ITC’s Q4 results underscore the tension between maintaining dividend payouts and navigating regulatory pressures. The company’s FMCG segment, which includes brands like Wills and Imperial Blue, remains a critical growth driver, but its reliance on the cigarette business exposes it to policy risks. According to the Q4 FY26 Business Outlook presented by CEO Sanjiv Puri, the company aims to increase the FMCG segment’s contribution to total revenue from 45% in FY26 to 50% by FY28. However, the outlook noted that achieving this target would require “aggressive cost optimization” and “portfolio rationalization” in the cigarette business.

Strategic Implications and Future Outlook
Wills and Imperial Blue

Analysts at Zee Business suggested that ITC may need to diversify further to mitigate these risks, though no immediate restructuring plans were announced. The Analyst Meeting Transcript from May 22, 2026, revealed that Puri was asked about potential divestments in the cigarette segment. “We are exploring options to reduce our exposure to regulated categories, but any such move would be gradual and aligned with our long-term strategy,” Puri responded. The transcript also indicated that ITC was evaluating partnerships in agribusiness and paperboards to improve margins.
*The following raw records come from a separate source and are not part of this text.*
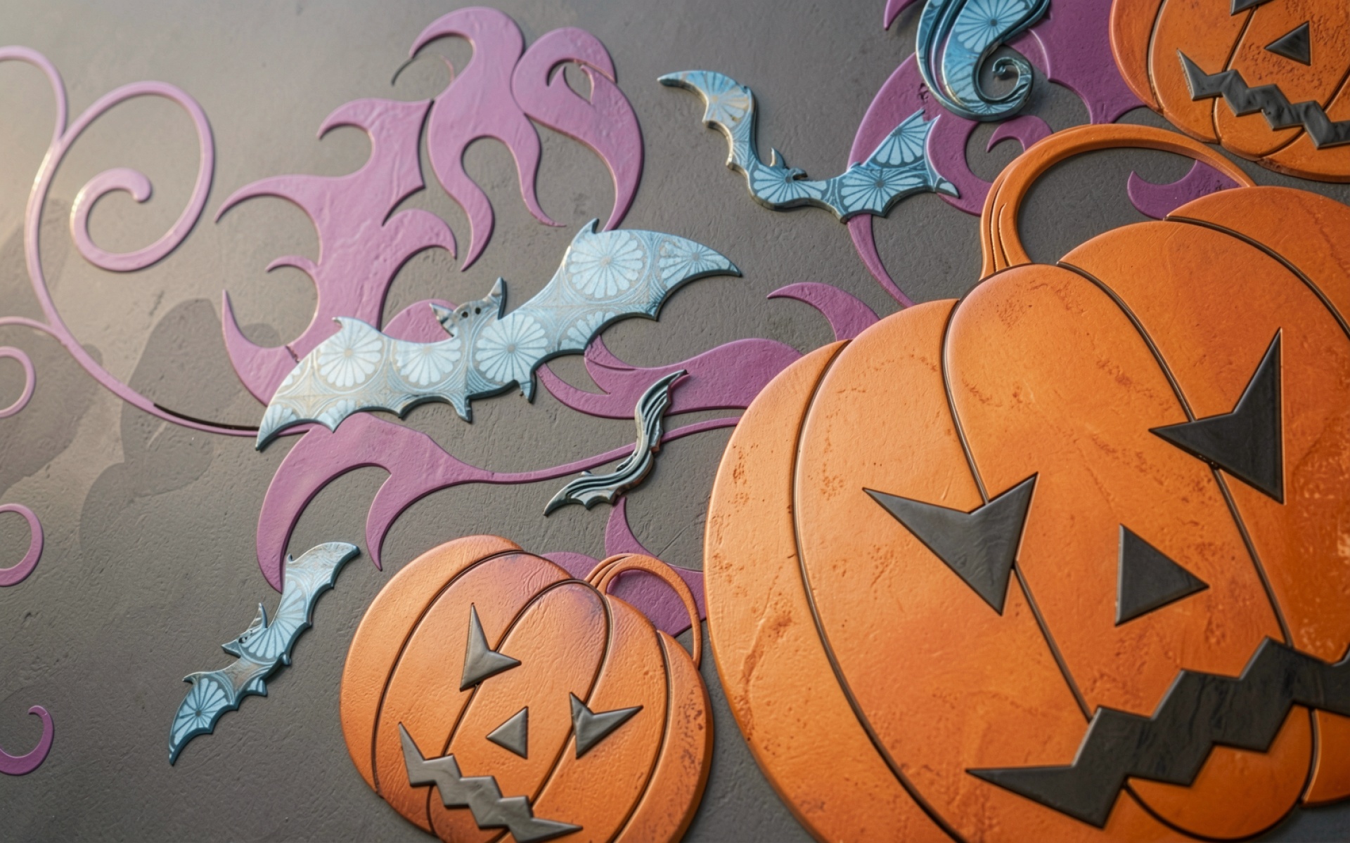 Оранжевые тыквы с летучими мышами в стиле 3D
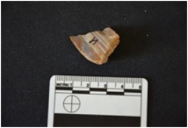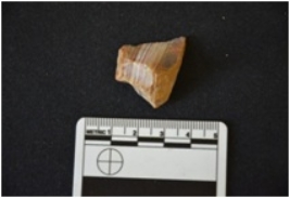 | Description / विवरण | Agate utilized flake has flake scars on dorsal side, striking platform, chipped off bulb on ventral side and use wear on working edge. |
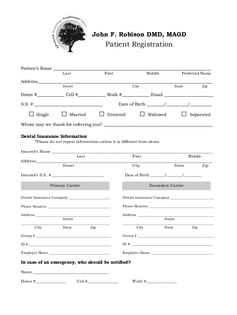 John F. Robinson DMD, MAGDPatient Registration Patients Name LastFirstMiddlePreferred Headdress StreetCityStateZipHome # Cell # Work # Email S.S. # SingleMarriedDate of Birth / / DivorcedWidowedSeparatedWhom

The company’s Annual General Meeting (AGM), scheduled for July 23, 2026, will be a key event for shareholders to gauge management’s strategy. The AGM Notice, issued on May 20, 2026, listed several agenda items, including a proposal to increase the authorized share capital from ₹10 crore to ₹15 crore, potentially to fund future acquisitions or expansions. With ITC’s share price having fallen 29% over the past year—from a 52-week high of ₹435 in May 2025 to ₹305.50 in May 2026—investors are closely watching how the company balances short-term profitability with long-term sustainability.
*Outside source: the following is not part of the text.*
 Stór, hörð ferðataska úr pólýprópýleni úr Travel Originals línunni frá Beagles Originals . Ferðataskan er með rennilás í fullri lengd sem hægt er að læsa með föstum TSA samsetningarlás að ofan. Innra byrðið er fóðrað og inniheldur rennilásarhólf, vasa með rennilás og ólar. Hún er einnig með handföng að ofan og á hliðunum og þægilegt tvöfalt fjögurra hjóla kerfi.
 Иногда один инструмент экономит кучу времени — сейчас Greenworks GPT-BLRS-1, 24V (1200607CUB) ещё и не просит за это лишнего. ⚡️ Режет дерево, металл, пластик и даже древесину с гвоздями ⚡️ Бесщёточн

In a Research Report dated May 22, 2026, Jagran Josh analyzed the implications of the results, stating that the dividend was a positive signal but that the underlying profit decline highlighted challenges ahead. “ITC’s ability to innovate in FMCG and reduce its tobacco exposure will be critical in the coming years,” the report concluded. The firm also noted that the company’s debt-to-equity ratio had risen to 0.35x in FY26, up from 0.28x in FY25, as the company used debt to fund dividends amid lower cash flows. However, the report emphasized that ITC’s strong free cash flow of ₹8,500 crore in FY26 provided a buffer against regulatory headwinds.

Regulatory risks remain a focal point for investors. The Ministry of Finance’s Taxation Policy Statement, released in April 2026, indicated that further excise duty hikes on tobacco products were likely in the next fiscal year. This follows a trend of annual increases: excise duties rose by 8% in FY25 and 10% in FY26. In response, ITC’s Q4 FY26 Earnings Call transcript (May 21, 2026) revealed that the company was lobbying for a more stable tax regime. “We are engaging with policymakers to advocate for a predictable taxation framework that supports business sustainability,” Puri stated.